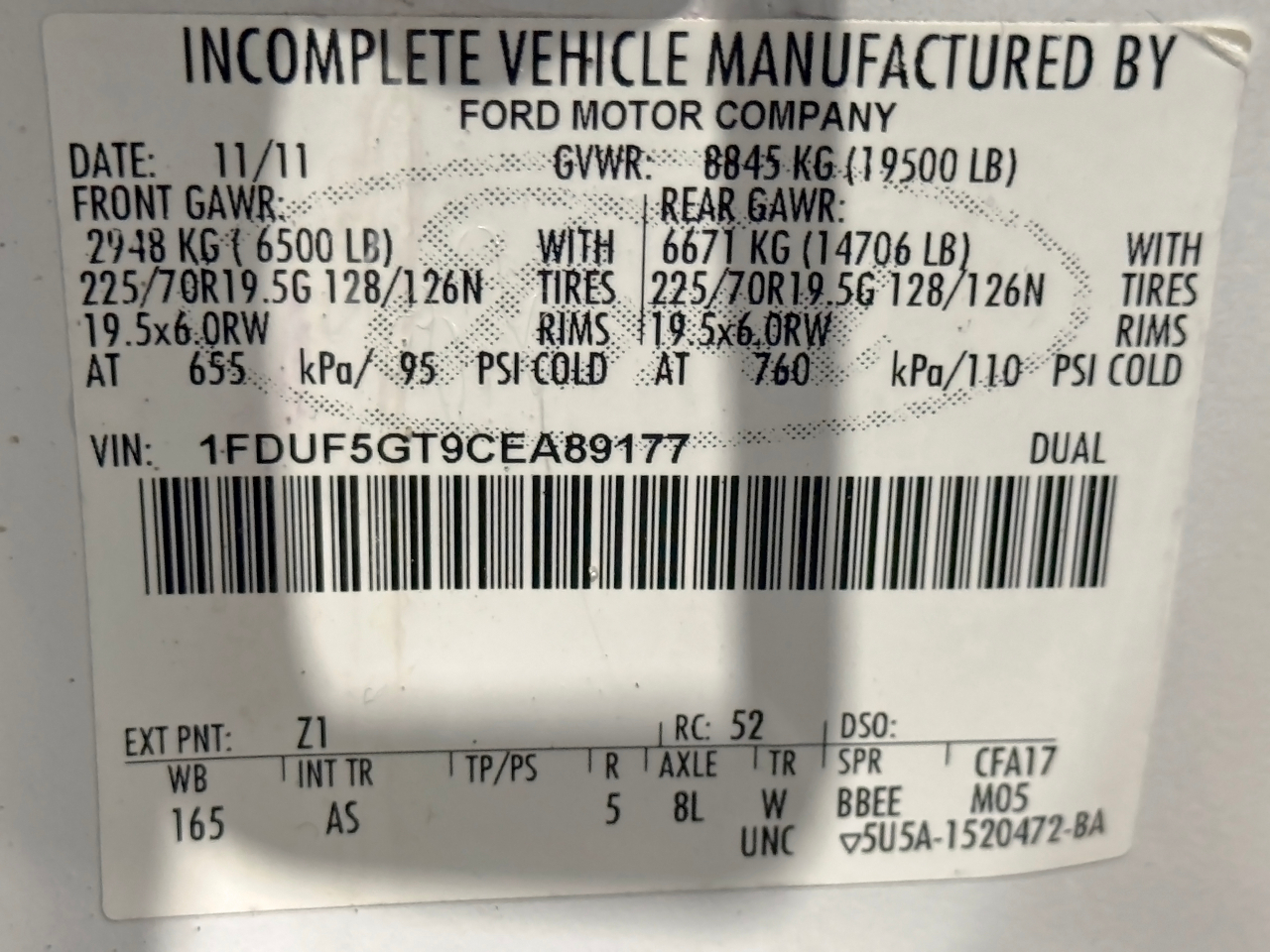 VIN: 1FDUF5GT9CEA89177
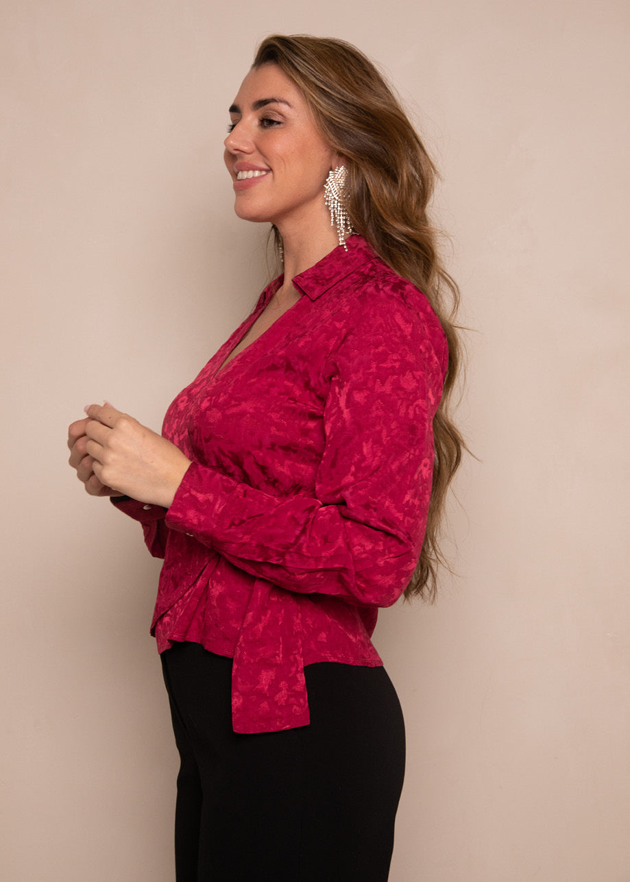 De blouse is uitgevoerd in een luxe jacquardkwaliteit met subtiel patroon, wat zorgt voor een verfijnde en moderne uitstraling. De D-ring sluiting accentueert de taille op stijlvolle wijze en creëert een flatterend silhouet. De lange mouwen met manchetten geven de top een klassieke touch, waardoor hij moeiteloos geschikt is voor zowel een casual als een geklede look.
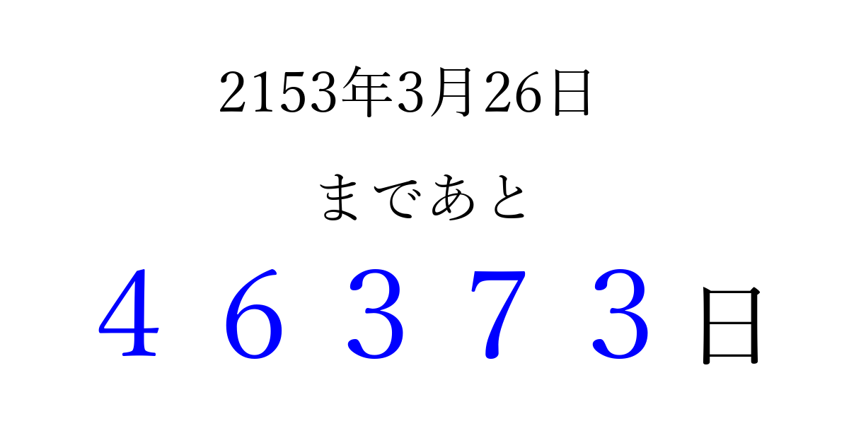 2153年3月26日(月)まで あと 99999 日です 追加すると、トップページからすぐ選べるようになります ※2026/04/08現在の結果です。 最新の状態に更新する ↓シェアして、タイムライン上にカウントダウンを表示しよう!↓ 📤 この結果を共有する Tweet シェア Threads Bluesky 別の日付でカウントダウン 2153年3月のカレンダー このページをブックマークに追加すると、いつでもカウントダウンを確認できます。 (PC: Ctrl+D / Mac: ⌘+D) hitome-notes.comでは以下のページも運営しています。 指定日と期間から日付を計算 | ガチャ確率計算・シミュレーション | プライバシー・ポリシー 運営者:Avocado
######
■ **The problem**
The expected output is an exact retyping of the lines from the line with "De blouse is" through the last line of the data, with both ends kept and the pictures dropped.

■ **Your solution**
 De blouse is uitgevoerd in een luxe jacquardkwaliteit met subtiel patroon, wat zorgt voor een verfijnde en moderne uitstraling. De D-ring sluiting accentueert de taille op stijlvolle wijze en creëert een flatterend silhouet. De lange mouwen met manchetten geven de top een klassieke touch, waardoor hij moeiteloos geschikt is voor zowel een casual als een geklede look.
 2153年3月26日(月)まで あと 99999 日です 追加すると、トップページからすぐ選べるようになります ※2026/04/08現在の結果です。 最新の状態に更新する ↓シェアして、タイムライン上にカウントダウンを表示しよう!↓ 📤 この結果を共有する Tweet シェア Threads Bluesky 別の日付でカウントダウン 2153年3月のカレンダー このページをブックマークに追加すると、いつでもカウントダウンを確認できます。 (PC: Ctrl+D / Mac: ⌘+D) hitome-notes.comでは以下のページも運営しています。 指定日と期間から日付を計算 | ガチャ確率計算・シミュレーション | プライバシー・ポリシー 運営者:Avocado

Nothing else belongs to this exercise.